In the beginning of January, Exelon announced that NRG shareholders had tendered 106,338,942 common shares to the bid, which represents about 45.6% of all outstanding common shares of NRG.

NRG responded that while Exelon's latest move looks to "compromise the independence" of its board, the governance and nominating committee of NRG's board will review the proposal.

"The company believes Exelon's actions to initiate a proxy fight are a clear attempt to compromise the independence of NRG's board in order to force a sale of NRG to Exelon at a price that is highly dilutive to NRG stockholders on a free cash flow basis," NRG said. "Through this latest aggressive tactic, Exelon is attempting to dilute NRG's board of directors and NRG stockholder value, while attempting to take all the value for Exelon's stockholders."

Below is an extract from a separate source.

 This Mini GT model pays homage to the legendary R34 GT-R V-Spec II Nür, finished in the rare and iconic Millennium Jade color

The NRG board and management reiterated that after careful and impartial consideration, Exelon's current offer is "not only inadequate, but also is dilutive, significantly undervalues NRG, and does not fully reflect the underlying fundamental value of NRG's assets, operations and strategic plan, including its strong market position and future growth prospects."

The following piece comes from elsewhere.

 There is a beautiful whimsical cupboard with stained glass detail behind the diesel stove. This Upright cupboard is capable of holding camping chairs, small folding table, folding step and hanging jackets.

The board also noted, in regards to Exelon's unsolicited exchange offer, the lack of any committed financing to complete the offer and the many unfulfilled conditions -- including regulatory and Exelon stockholder approvals, among others.

NRG said that Exelon's hand-picked nominees, if elected, would be required to exercise their fiduciary duties properly on behalf of all NRG stockholders. However, the company questions the independence of Exelon's slate and is concerned that, if elected to the NRG board, Exelon's nominees would have inherent conflicts of interest in evaluating any transaction between NRG and Exelon or any alternative transaction.

Four nominees are proposed to replace the NRG Class III directors who are up for election at the 2009 annual shareholder meeting. The nominees are Betsy S. Atkins, Ralph E. Faison, Coleman Peterson and Thomas C. Wajnert. Exelon is also proposing five nominees to fill vacancies created from the proposed expansion of the NRG board to 19 directors. Those nominees are John M. Albertine, Marjorie L. Bowen, Donald DeFosset, Jr., Richard H. Koppes and Ralph G. Wellington.

Exelon noted that if the NRG board is expanded and the entire slate of directors nominated by Exelon is elected, it will represent slightly less than a majority of NRG's board. The two remaining seats on the expanded board would remain open to NRG's own director nominees. Exelon said that its decision to leave two seats open was designed to avoid a change in control of NRG that could trigger a requirement for NRG to pay a significant amount of its debt.

"Exelon is confident that with an expanded and reconstituted NRG board, a majority of NRG directors will exercise their fiduciary duty and vote for the clear path to shareholder value," said Rowe. "Despite the substantial premium our proposal represents to NRG's stock price as of Oct. 17, 2008, and the large number of shares of common stock tendered into Exelon's exchange offer, NRG's current board and management have continued their refusal to allow due diligence -- an essential step for a company that takes its fiduciary obligations to shareholders seriously and wants to create shareholder value. We strongly encourage NRG shareholders to support the slate of director nominees, and to tender their shares into Exelon's exchange offer to further drive this point home."

Exelon announced on Oct. 19 its proposal to acquire all outstanding shares of NRG common stock at a fixed exchange ratio of 0.485 of a share of Exelon common stock for each share of NRG common stock, which represented a 37% premium for NRG stockholders based on closing prices on the New York Stock Exchange on Oct. 17, the last trading day prior to the public disclosure of the Exelon offer. After NRG twice rejected the Exelon offer, Exelon brought its exchange offer directly to the NRG shareholders on Nov. 12 (see NGI, Nov. 17, 2008). In mid-December Exelon asked the Federal Energy Regulatory Commission to approve its proposed and unwelcome deal to acquire NRG. The company also filed notification with the U.S. Department of Justice and the Federal Trade Commission (see NGI, Dec. 22, 2008).